=== PROVIDED ENTRIES ===
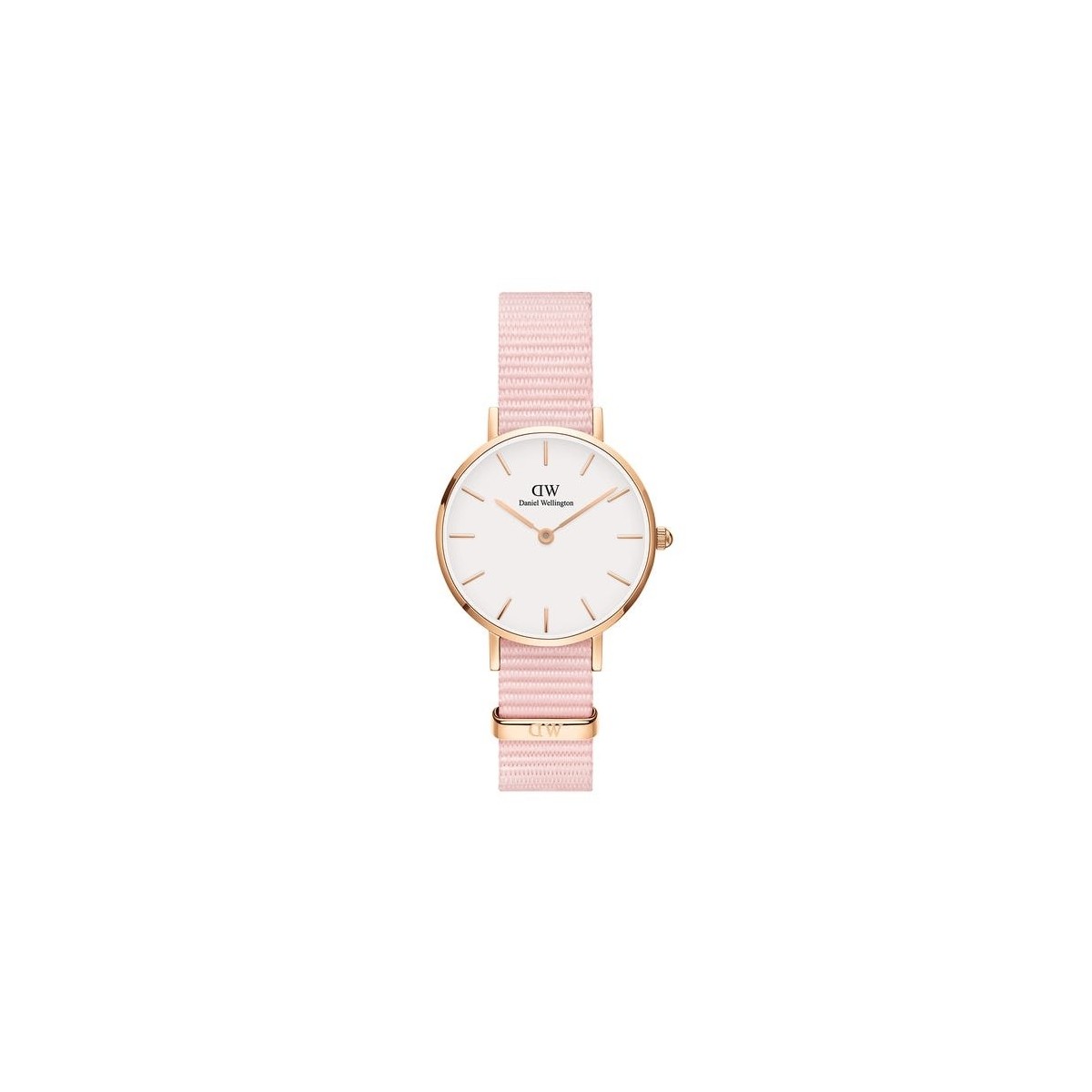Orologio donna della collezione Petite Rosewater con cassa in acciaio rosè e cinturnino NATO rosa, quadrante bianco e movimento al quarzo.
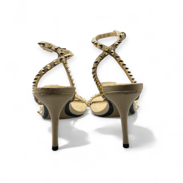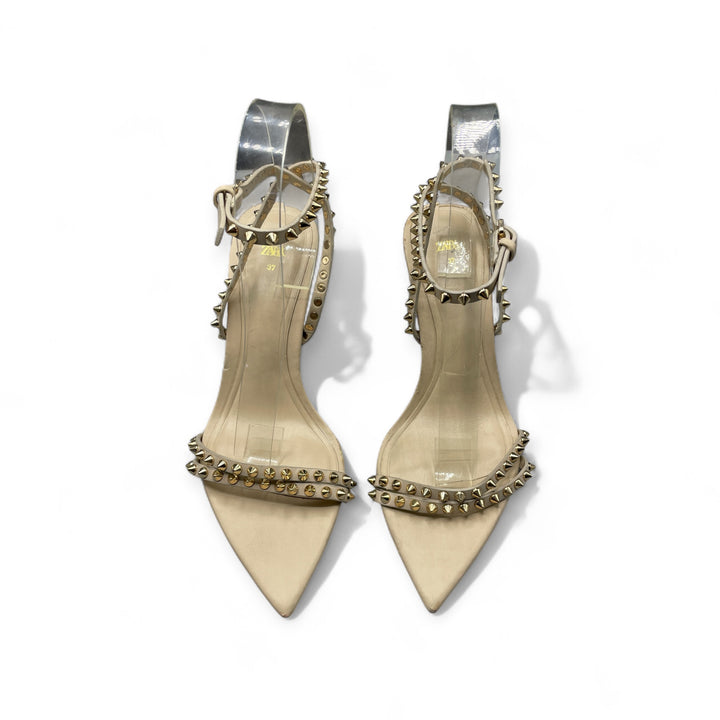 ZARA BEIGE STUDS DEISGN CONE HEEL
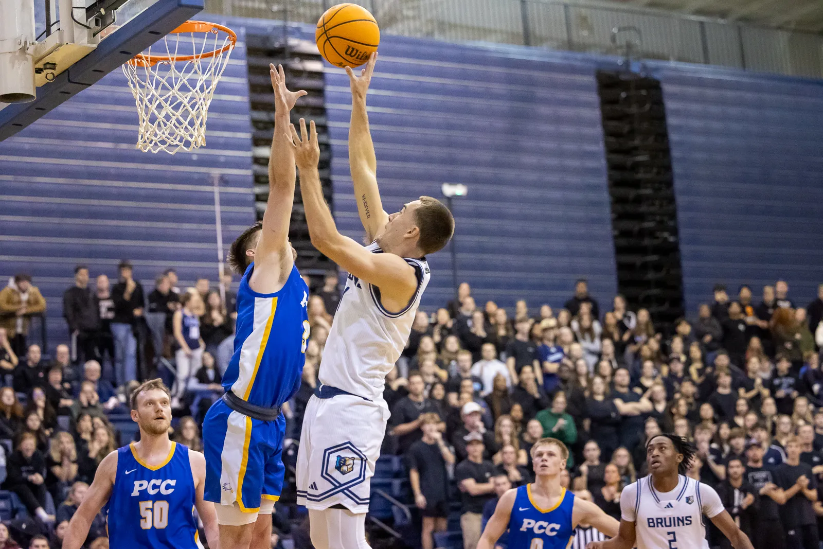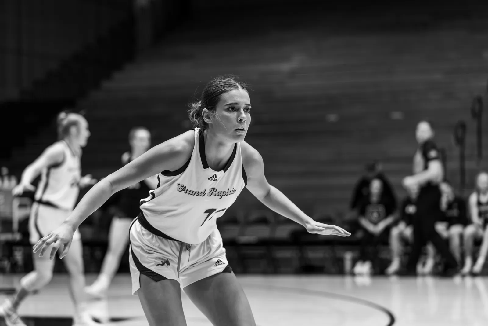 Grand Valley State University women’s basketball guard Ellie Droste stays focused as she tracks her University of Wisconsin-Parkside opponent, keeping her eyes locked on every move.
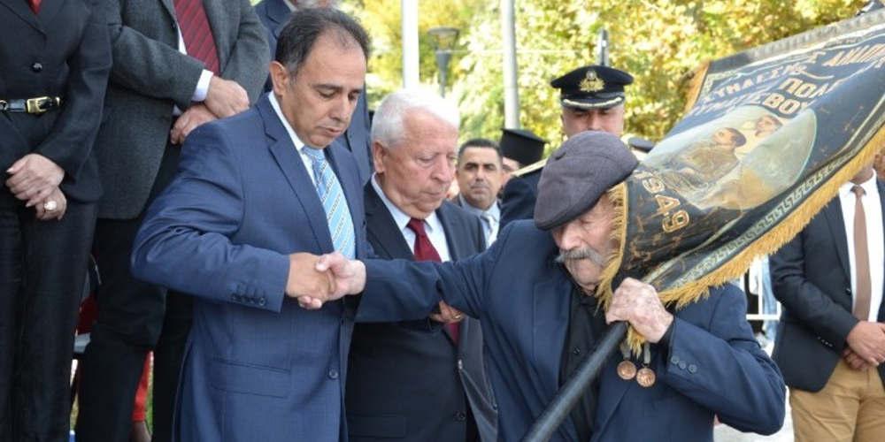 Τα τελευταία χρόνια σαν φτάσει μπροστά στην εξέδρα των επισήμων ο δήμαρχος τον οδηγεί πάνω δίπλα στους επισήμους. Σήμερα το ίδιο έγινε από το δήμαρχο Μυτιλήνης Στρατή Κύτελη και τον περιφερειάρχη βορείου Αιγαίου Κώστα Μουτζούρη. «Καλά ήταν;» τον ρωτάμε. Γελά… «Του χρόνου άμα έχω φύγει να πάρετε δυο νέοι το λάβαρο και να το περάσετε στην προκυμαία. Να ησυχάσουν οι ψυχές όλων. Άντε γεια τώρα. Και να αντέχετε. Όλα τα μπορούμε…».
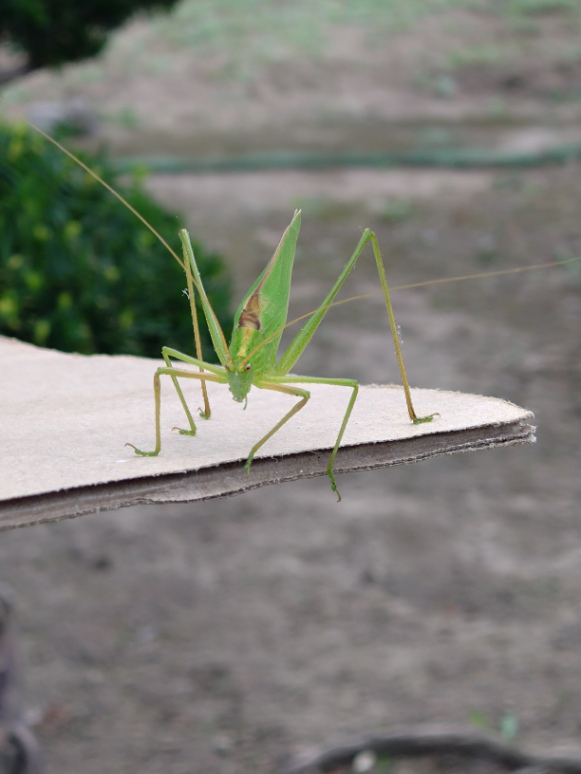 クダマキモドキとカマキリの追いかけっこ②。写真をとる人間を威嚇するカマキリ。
===
=== PROVIDED ENTRIES ===
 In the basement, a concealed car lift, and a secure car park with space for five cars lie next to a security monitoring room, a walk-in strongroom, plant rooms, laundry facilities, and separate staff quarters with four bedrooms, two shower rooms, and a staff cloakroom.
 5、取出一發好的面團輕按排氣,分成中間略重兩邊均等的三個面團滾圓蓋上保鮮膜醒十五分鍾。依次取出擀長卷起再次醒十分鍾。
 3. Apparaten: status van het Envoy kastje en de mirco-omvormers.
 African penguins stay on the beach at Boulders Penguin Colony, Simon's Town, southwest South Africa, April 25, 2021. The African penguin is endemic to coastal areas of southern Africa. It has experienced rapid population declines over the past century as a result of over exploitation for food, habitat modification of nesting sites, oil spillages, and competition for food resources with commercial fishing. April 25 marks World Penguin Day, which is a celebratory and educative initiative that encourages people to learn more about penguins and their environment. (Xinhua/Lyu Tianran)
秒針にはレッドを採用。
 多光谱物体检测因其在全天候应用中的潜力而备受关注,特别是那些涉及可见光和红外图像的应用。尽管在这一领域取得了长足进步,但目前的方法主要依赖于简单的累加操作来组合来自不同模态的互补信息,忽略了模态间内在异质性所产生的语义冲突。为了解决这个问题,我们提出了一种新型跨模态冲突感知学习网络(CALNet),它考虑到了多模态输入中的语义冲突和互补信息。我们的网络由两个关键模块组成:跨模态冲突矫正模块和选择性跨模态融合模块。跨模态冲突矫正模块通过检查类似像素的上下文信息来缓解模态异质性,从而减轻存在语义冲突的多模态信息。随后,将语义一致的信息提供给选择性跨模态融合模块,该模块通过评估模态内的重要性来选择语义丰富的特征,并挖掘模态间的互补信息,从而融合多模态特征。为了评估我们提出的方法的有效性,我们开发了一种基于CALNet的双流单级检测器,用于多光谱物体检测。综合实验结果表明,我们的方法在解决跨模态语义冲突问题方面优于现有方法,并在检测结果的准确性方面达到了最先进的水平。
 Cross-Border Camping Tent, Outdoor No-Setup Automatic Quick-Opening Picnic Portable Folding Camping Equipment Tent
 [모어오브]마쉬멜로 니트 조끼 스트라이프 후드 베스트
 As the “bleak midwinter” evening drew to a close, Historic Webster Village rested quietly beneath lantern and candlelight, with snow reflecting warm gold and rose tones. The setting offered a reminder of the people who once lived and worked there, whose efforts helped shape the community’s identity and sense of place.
===
=== PROVIDED ENTRIES ===
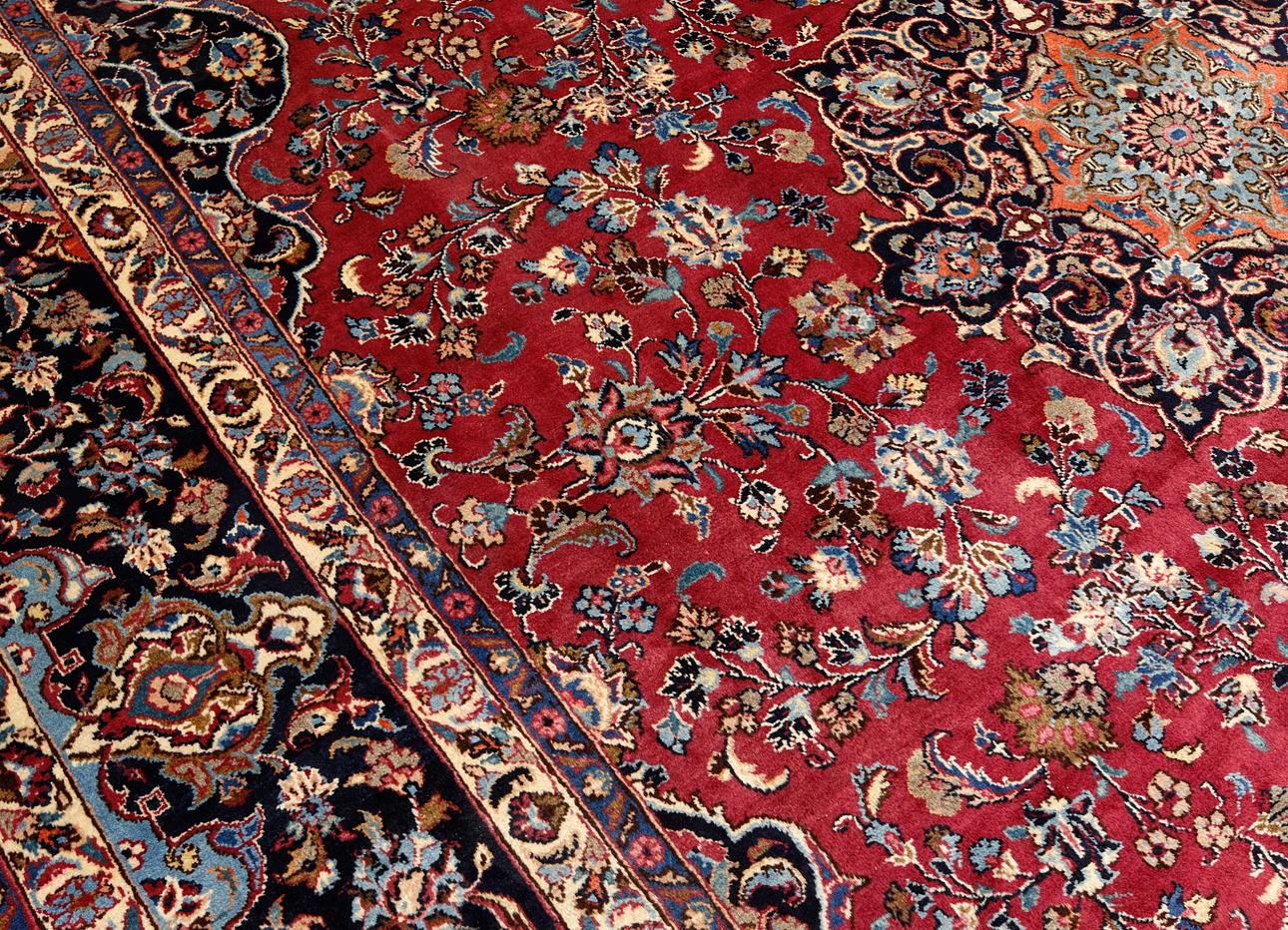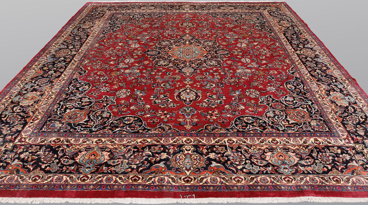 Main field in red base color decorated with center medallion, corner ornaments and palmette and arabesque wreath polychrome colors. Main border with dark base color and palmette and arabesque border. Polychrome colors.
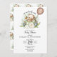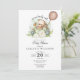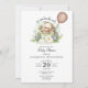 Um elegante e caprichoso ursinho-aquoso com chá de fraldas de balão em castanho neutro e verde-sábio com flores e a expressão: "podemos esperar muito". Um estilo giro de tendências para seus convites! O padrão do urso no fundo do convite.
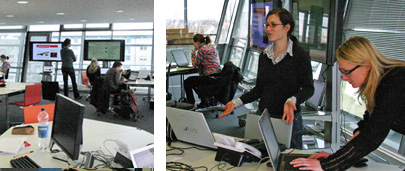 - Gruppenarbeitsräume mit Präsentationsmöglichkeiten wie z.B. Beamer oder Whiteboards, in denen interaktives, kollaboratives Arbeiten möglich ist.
===
*EXERCISE DIRECTIONS:* Across the records above, return every line that contains the word "people".

*RESULT OF THIS TASK:*
 African penguins stay on the beach at Boulders Penguin Colony, Simon's Town, southwest South Africa, April 25, 2021. The African penguin is endemic to coastal areas of southern Africa. It has experienced rapid population declines over the past century as a result of over exploitation for food, habitat modification of nesting sites, oil spillages, and competition for food resources with commercial fishing. April 25 marks World Penguin Day, which is a celebratory and educative initiative that encourages people to learn more about penguins and their environment. (Xinhua/Lyu Tianran)
 As the “bleak midwinter” evening drew to a close, Historic Webster Village rested quietly beneath lantern and candlelight, with snow reflecting warm gold and rose tones. The setting offered a reminder of the people who once lived and worked there, whose efforts helped shape the community’s identity and sense of place.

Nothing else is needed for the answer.